The BSP added that the Philippines would remain in the “sweet spot” wherein inflation would remain modest despite a robust economic growth.
It noted that the Philippine economy’s latest growth performance—which exceeded most expectations and surpassed even that of China—was driven largely by rising investments by the government and the private sector.
The central bank explained that this indicated that the increased supply of goods and services was being supported, thus helping temper inflation.
“We do not foresee a breach of the inflation target over the policy horizon. [Growth drivers for the first quarter] should help form the base for more durable economic growth going forward,” BSP Governor Amando Tetangco Jr. yesterday told reporters after the release of the report on the economy’s growth in the first quarter.

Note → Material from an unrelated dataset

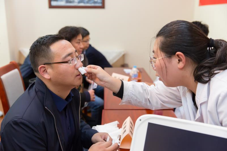 講座結束后,閆占峰主任和其團隊對參加講座的干部職工進行耳鼻喉科疾病的義診活動,共接診45人次。
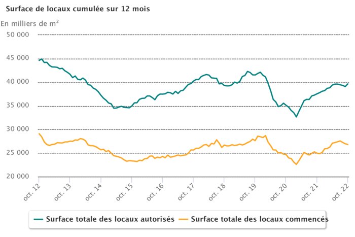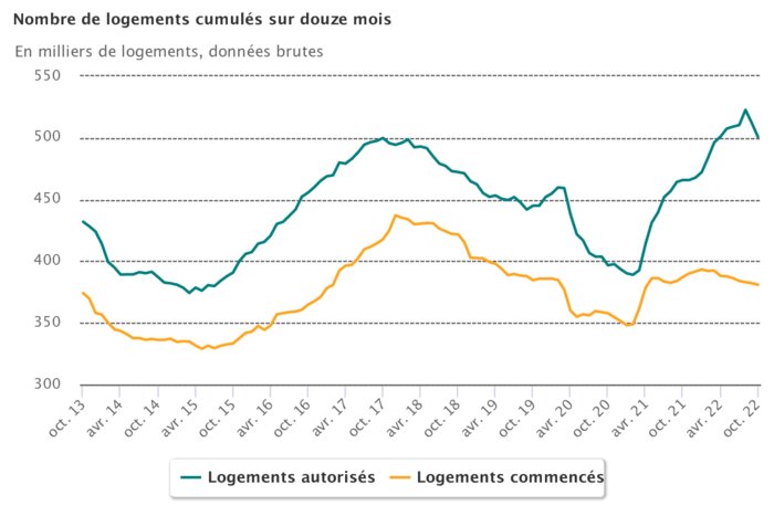 De novembre 2021 à octobre 2022, 500 700 logements ont été autorisés à la construction, soit 34 900 de plus qu’au cours des 12 mois précédents (+ 7,5 %).

The National Statistical Coordination Board reported that the Philippine economy, measured in terms of gross domestic product, grew by 7.8 percent in the first quarter from a year ago. (See story on page A1.)
Investments in fixed capital formation, which largely reflected private-sector investments, grew 16.8 percent, accelerating from the measly 2.8 percent in the same period last year. Government spending maintained a double-digit rate of expansion at 13.2 percent. This was, however, slower than the 21.3-percent growth recorded in the first quarter last year. Consumer spending, which used to provide the biggest boost to economic growth, slowed down to 5.1 percent from 6.9 percent a year ago.
Even prior to the release of the first-quarter growth figures, concerns had been raised that the economy might eventually face risks of overheating.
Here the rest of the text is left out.